Uno de los momentos más importantes en el cuidado de la salud de nuestra espalda es el descanso nocturno. A este respecto, lo recomendable es utilizar un colchón adecuado, ni muy duro ni muy blando, y evitar tanto las almohadas excesivamente altas como dormir sin almohada. Cualquier postura es adecuada si se está a gusto, salvo aquellas en las que se arquee demasiado hacia fuera la espalda, lo que ocurre en muchas personas cuando están boca abajo.

Y en cuanto a las labores domésticas, los expertos apuntan varias prácticas sencillas: arrodillarse o, al menos, doblar las rodillas al hacer la cama; al limpiar objetos que estén por encima de los hombros, subirse a una altura; repartir la carga entre ambos brazos al volver de la compra; o planchar descansando una pierna en una pequeña tarima. Un buen consejo es intentar utilizar las abdominales para hacer cualquier tarea, incluso a la hora de coger objetos o subir escaleras.

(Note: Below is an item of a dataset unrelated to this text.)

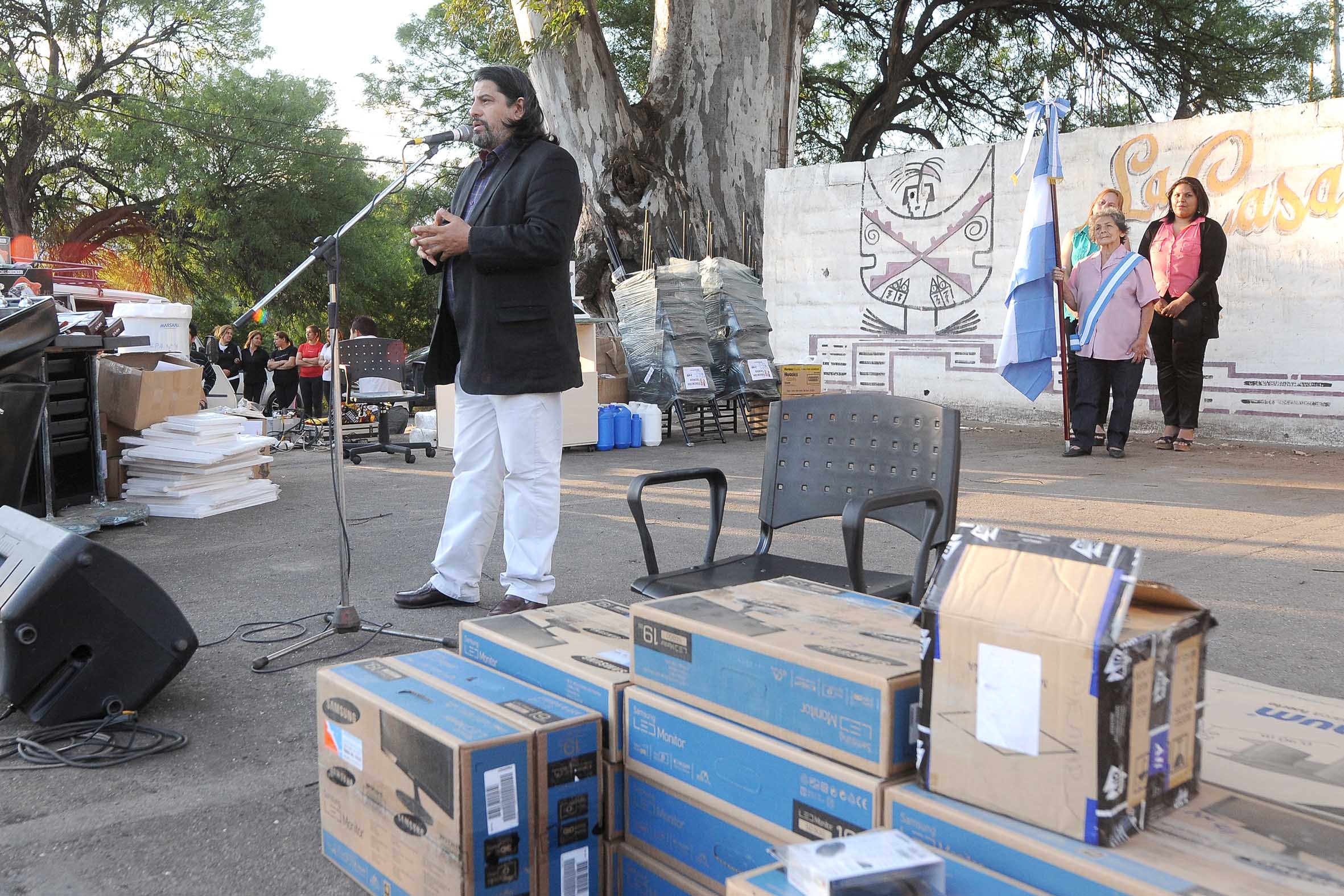 entrega a los directivos de: pinceles, bastidores, maquinas engrapadoras,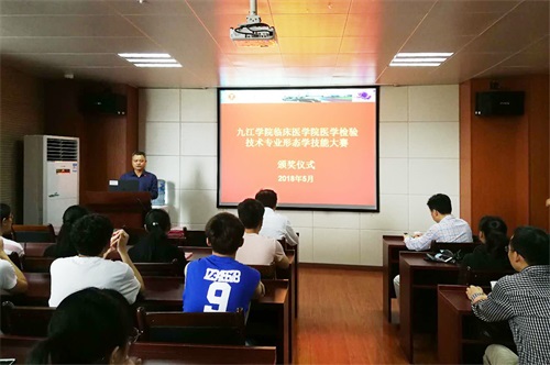 胡志坚副院长对本次比赛进行了点评。他强调医学检验技术专业是一门实践性很强的学科,要求同学们重视检验基本技能的学习与训练,在医学检验技术快速发展的今天,虽然自动化程度越来越高,但形态学仍是无可替代的重要技能,希望同学们重视检验形态学工作,具备检验形态学基本技术能力。并要求形态教学老师对此次比赛学生的成绩做具体分析,重点加强对学生薄弱环节的教学。

El ejercicio físico, un valor seguro

En este tipo de patologías reumatológicas, la práctica de ejercicio, aunque sea leve, es siempre motivo de mejora. Y es que, hay que evitar a toda costa el sedentarismo, ya que con la realización de alguna actividad física no sólo se tendrá menos dolor, sino que el paciente se encontrará cada vez mejor.

Pero hay que tener en cuenta que la constancia en la realización de cualquier ejercicio es la base para que la rehabilitación tenga éxito. No vale con la realización esporádica de alguna actividad física. Por ello, se debe ser consciente de que si es algo que no gusta o que cuesta, no se va a incluir en la rutina diaria.

Para ello se debe elegir un tipo de ejercicio que satisfaga y que se adapte a la situación personal de cada uno: natación si tiene piscina cerca y se sabe nadar razonablemente bien, bicicleta estática si no se quiere salir a la calle, caminar a ritmo ligero, pilates, gimnasia de mantenimiento, tai-chi, etc.

Sin embargo, también se deben de tener en cuenta varios aspectos importantes a la hora de ponernos “manos a la obra”. Así, si se realizan ejercicios específicos para la espalda o cuello, se deben hacer de forma gradual y, si se puede, al principio con supervisión. No se debe intentar hacerlo todo el primer día, sino que es aconsejable ir aumentando el ritmo e intensidad de los mismos de forma progresiva.

Por último, los expertos nos recuerdan una máxima a tener en cuenta siempre: los ejercicios no deberían producir dolor si están bien hechos. Si esto ocurriera, y no se tiene seguridad de estar haciéndolos bien, deben reducirse a la mitad o incluso dejar de hacerlos, puesto que podemos estar provocando una daño mayor a nuestra espalda. La ayuda profesional es, en estos casos, imprescindible a la hora de continuar con el ejercicio.